While configuring Secure Connect HUB as 'Exit Hubs' please make sure there is no asymmetric configuration i.e. For ex: A MX HUB connected to Europe 1 region can only support Europe 1 region DC pairing as its 'Exit Hubs'

Also, A MX HUB connected to Europe 1 region and having Europe 1 region DCs configured as Exit Hubs can only be configured as a HUB to SPOKEs which are connected to Europe 1 Secure Connect region ONLY. 

The failover between EXIT hubs follows the same behavior as that of any Meraki MX hub having another MX hub as EXIT hub.

Connecting a Meraki SD-WAN hub (in Passthrough Mode) with existing BGP Routing configurations

While integrating a Meraki SD-WAN hub to Secure Connect which has downstream connections to Applications or devices using BGP (peering with to a different AS number) then the following would be the supported flow:

Referring to the first supported use case please be aware of the supported Meraki hub designs for Secure Connect.
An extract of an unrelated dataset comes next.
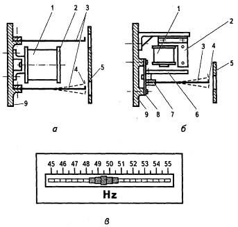 У разі відхилення вимірюваної частоти від середини діапазону змінюються опори реактивних елементів ХС1=l/2πfxC1, ХС2= l/2πfxC2, XL2=l/2πfxL2 і співвідношення між струмами в котушках, унаслідок чого стрілка відхиляється на кут, пропорційний вимірюваній частоті fx. Аналогічно працює й електромагнітний частотомір.

For spoke Sites connected to a different Secure Connect region when compared to a Meraki hub connected SC Region,

  1. The spoke needs to be connected primarily to the Meraki hub and then to Secure Connect regional hubs.

  2. The spoke to Meraki hub communications will currently route directly via AutoVPN to the Meraki hub.
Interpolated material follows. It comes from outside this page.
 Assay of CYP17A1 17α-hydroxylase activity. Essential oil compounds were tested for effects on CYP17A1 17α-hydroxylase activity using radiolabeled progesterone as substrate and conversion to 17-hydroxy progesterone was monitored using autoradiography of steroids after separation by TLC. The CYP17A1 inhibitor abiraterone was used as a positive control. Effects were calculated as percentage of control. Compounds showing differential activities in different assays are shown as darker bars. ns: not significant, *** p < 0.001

  3. Remote users to Meraki hub communications will route via Secure Connect fabric.

  • Connect the Meraki hub to Secure Connect following the above-mentioned steps in the document.

  • Go to the connected Meraki hub’s Security & SD-WAN > Routing page and enable ‘Allow Transit’ for the subnets that require to be shared across SC (Secure Connect) AS number.

If the above step of connecting hub to Secure Connect fails with the following error:

Unrecognized subnet <subnet/> for Passthrough MX - only Client VPN subnet(s) permitted.

Then,

  1. Go to the Meraki hub’s Security & SD-WAN > Site-to-Site VPN page and remove the subnets that are part of the BGP Routing.
  2. Connect the Meraki SD-WAN hub to Secure Connect then,
  3. Go to Meraki hub’s Security & SD-WAN > Site-to-Site VPN page to RE-ADD the previously deleted subnets back to the hub and in Security & SD-WAN > Routing page.

Connecting an organization with ONLY 'hubs' to Secure Connect

If an organization has all sites configured as hubs and the intention is to connect them to Secure Connect, the following are the recommendations and supported design with Secure Connect:

Secure Connect supported scale for this design of a Meraki organization having all of their SD-WAN sites configured as hubs is 60 i.e. In a all hub network infrastructure Secure Connect today supports 60 Hubs integrating at the same time to its fabric.

  • All hubs connected to Secure Connect will not receive a default route. If there exists 'Internet Access' use case for the hubs connected to Secure Connect then enable Secure Connect datacenter regions as their 'Exit Hubs'
  • The branch to branch interconnect between these hubs will always be over the AutoVPN mesh between the hubs and the traffic will not route through Secure Connect. As part of policy enforcement please choose your 'Security & SD-WAN' security policies to secure the branch to branch traffic for this use case only.